Comparing size of swap and speed will be interesting.
(Above 300M is enough small because my test machine has 24G memory.)

Or 
  # mount -t cgroup none /cgroups -o memory
  # mkdir /cgroups/A
  # echo $$ > /cgroups/A
  # echo 50M > /cgroups/memory.limit_in_bytes
  # dd if=/dev/zero of=./tmpfile bs=65536 count=100000

or some. When I tested the original patch for "avoiding writeback" by
Dave Chinner, I saw 2 ooms in 10 tests.
If not patched, I never see OOM.



> > Maybe an ideal solution will be
> >  - support buffered I/O tracking in I/O cgroup.
> >  - flusher threads should work with I/O cgroup.
> >  - memcg itself should support dirty ratio. and add a trigger to kick flusher
> >    threads for dirty pages in a memcg.
> > But I know it's a long way.
> > 
> 
> I'm not very familiar with memcg I'm afraid or its requirements so I am
> having trouble guessing which of these would behave the best.
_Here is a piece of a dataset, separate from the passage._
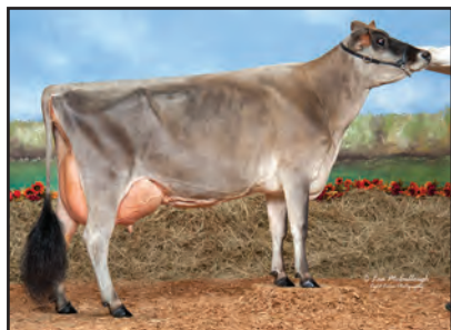
WF CENTURION ANABELLA-ET Great-Grandam of Lot 38

You could take
> a gamble on having memcg doing writeback in direct reclaim but you may run
> into the same problem of overflowing stacks.
> 
maybe.

> I'm not sure how a flusher thread would work just within a cgroup. It
> would have to do a lot of searching to find the pages it needs
> considering that it's looking at inodes rather than pages.
> 
yes. So, I(we) need some way for coloring inode for selectable writeback.
But people in this area are very nervous about performance (me too ;), I've
not found the answer yet.


> One possibility I guess would be to create a flusher-like thread if a direct
> reclaimer finds that the dirty pages in the container are above the dirty
> ratio. It would scan and clean all dirty pages in the container LRU on behalf
> of dirty reclaimers.
> 
Yes, that's possible. But Andrew recommends not to do add more threads. So,
I'll use workqueue if necessary.

> Another possibility would be to have kswapd work in containers.
> Specifically, if wakeup_kswapd() is called with a cgroup that it's added
> to a list. kswapd gives priority to global reclaim but would
> occasionally check if there is a container that needs kswapd on a
> pending list and if so, work within the container. Is there a good
> reason why kswapd does not work within container groups?
> 
One reason is node v.s. memcg.
Because memcg doesn't limit memory placement, a container can contain pages
from the all nodes. So,it's a bit problem which node's kswapd we should run .
(but yes, maybe small problem.)
Another is memory-reclaim-prioirty between memcg.
(I don't want to add such a knob...)

Maybe it's time to consider about that.
Now, we're using kswapd for softlimit. I think similar hints for kswapd
should work. yes.

> Finally, you could just allow reclaim within a memcg do writeback. Right
> now, the check is based on current_is_kswapd() but I could create a helper
> function that also checked for sc->mem_cgroup. Direct reclaim from the
> page allocator never appears to work within a container group (which
> raises questions in itself such as why a process in a container would
> reclaim pages outside the container?) so it would remain safe.
> 
isolate_lru_pages() for memcg finds only pages in a memcg ;) 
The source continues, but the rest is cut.